Task objective
Exclude the pictures and reproduce the remaining data exactly as written.

Given information
────────

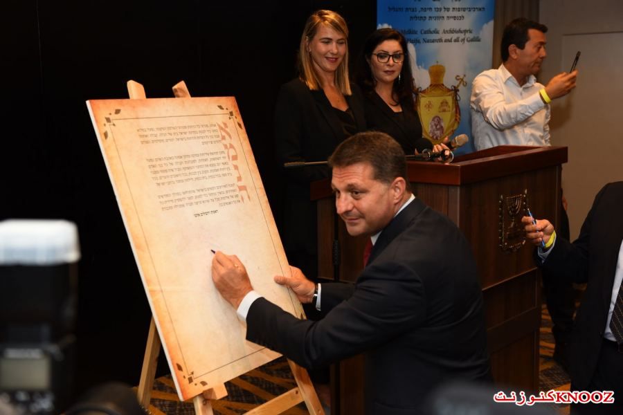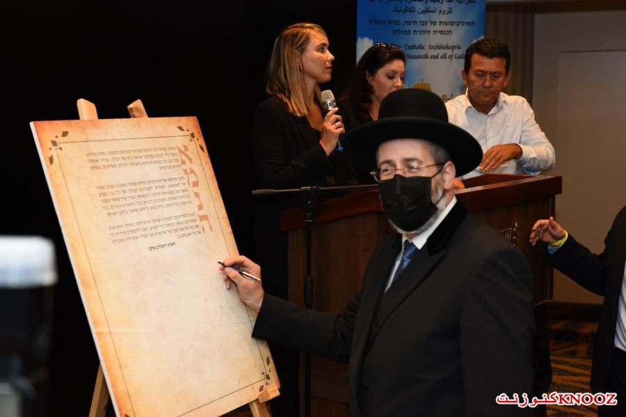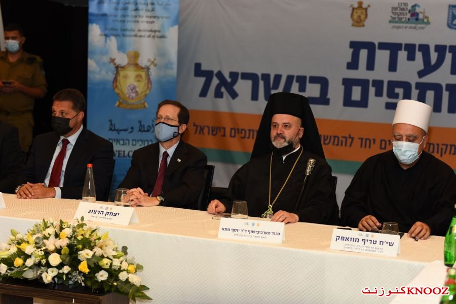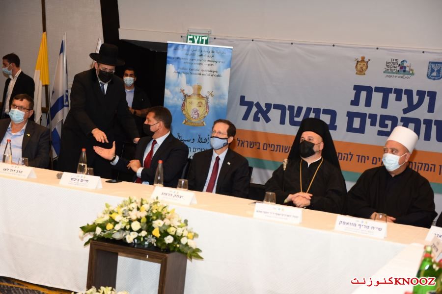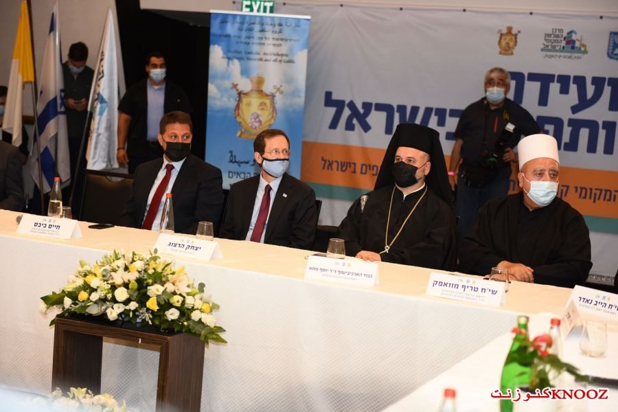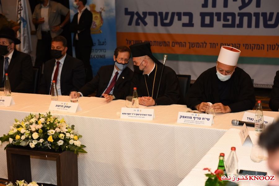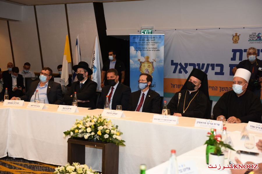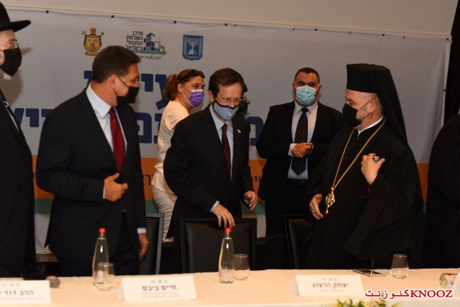 كنوز نت - لأول مرة منذ المواجهات التي وقعت في عدد من البلدات ومنها المدن المختلطة،عُقد صباح اليوم الإثنين (21.08.2) في مدينة حيفا المؤتمر الأول من نوعه للسلام والتعايش في إسرائيل بمشاركة عدد من رجال الدين من مختلف الطوائف على رأسهم المطران د.يوسف متى رئيس مطرانية عكا وحيفا والناصرة وسائر الجليل للروم الملكيين الكاثوليك، الحاخام الأكبر لإسرائيل الحاخام دافيد لاو،رئيس نقابة الأئمة والمؤذنين الشيخ نادر الهيب،الرئيس الروحي للطائفة الدرزية في إسرائيل الشيخ موفق طريف،وبحضور رئيس الدولة يتسحاق هرتسوغ،حاييم بيباس رئيس مركز السلطات المحلية ورئيس بلدية موديعين مكابيم رعوت،مضر يونس رئيس مجلس عارة عرعرة ورئيس اللجنة القطرية لرؤساء السلطات المحلية العربية، رئيس مجلس كفركما وممثل الطائفة الشركسية نابسو زكريا،أمير مزاريب رئيس مجلس الزرازير ورئيس منتدى السلطات المحلية البدوية في الشمال،عينات كاليش روتم رئيسة بلدية حيفا،أركادي بوميرانتس رئيس بلدية معالوت-ترشيحا،إيلي بردا رئيس بلدية مجدال هعيمق.
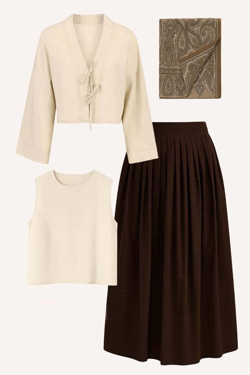 Ekru keten kimono hafif ve zarif bir katman sunarken, kolsuz bluz kombinin sade çizgisini destekliyor. Pileli eteğin hareketli formu feminen bir hava katıyor, etnik şal ise özgün ve karakterli bir tamamlayıcı oluyor. Günlük şıklığı özgür ruhlu bir yorumla buluşturan dengeli bir kombin.
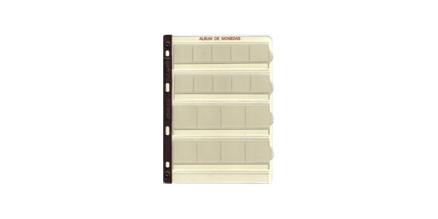 Hoja para coleccionar monedas fabricada en plastico de primera calidad. Lomo reforzado. Su sistema de alojamiento permite una optima conservacion de las monedas. Una tira de cartulina en cada seccion permite añadir anotaciones en la base de cada pieza. 10 departamentos de 28x28mm. y 8 departamentos de 35x35mm. Incluye cartulina separadora

────────

Answer
 كنوز نت - لأول مرة منذ المواجهات التي وقعت في عدد من البلدات ومنها المدن المختلطة،عُقد صباح اليوم الإثنين (21.08.2) في مدينة حيفا المؤتمر الأول من نوعه للسلام والتعايش في إسرائيل بمشاركة عدد من رجال الدين من مختلف الطوائف على رأسهم المطران د.يوسف متى رئيس مطرانية عكا وحيفا والناصرة وسائر الجليل للروم الملكيين الكاثوليك، الحاخام الأكبر لإسرائيل الحاخام دافيد لاو،رئيس نقابة الأئمة والمؤذنين الشيخ نادر الهيب،الرئيس الروحي للطائفة الدرزية في إسرائيل الشيخ موفق طريف،وبحضور رئيس الدولة يتسحاق هرتسوغ،حاييم بيباس رئيس مركز السلطات المحلية ورئيس بلدية موديعين مكابيم رعوت،مضر يونس رئيس مجلس عارة عرعرة ورئيس اللجنة القطرية لرؤساء السلطات المحلية العربية، رئيس مجلس كفركما وممثل الطائفة الشركسية نابسو زكريا،أمير مزاريب رئيس مجلس الزرازير ورئيس منتدى السلطات المحلية البدوية في الشمال،عينات كاليش روتم رئيسة بلدية حيفا،أركادي بوميرانتس رئيس بلدية معالوت-ترشيحا،إيلي بردا رئيس بلدية مجدال هعيمق.
 Ekru keten kimono hafif ve zarif bir katman sunarken, kolsuz bluz kombinin sade çizgisini destekliyor. Pileli eteğin hareketli formu feminen bir hava katıyor, etnik şal ise özgün ve karakterli bir tamamlayıcı oluyor. Günlük şıklığı özgür ruhlu bir yorumla buluşturan dengeli bir kombin.
 Hoja para coleccionar monedas fabricada en plastico de primera calidad. Lomo reforzado. Su sistema de alojamiento permite una optima conservacion de las monedas. Una tira de cartulina en cada seccion permite añadir anotaciones en la base de cada pieza. 10 departamentos de 28x28mm. y 8 departamentos de 35x35mm. Incluye cartulina separadora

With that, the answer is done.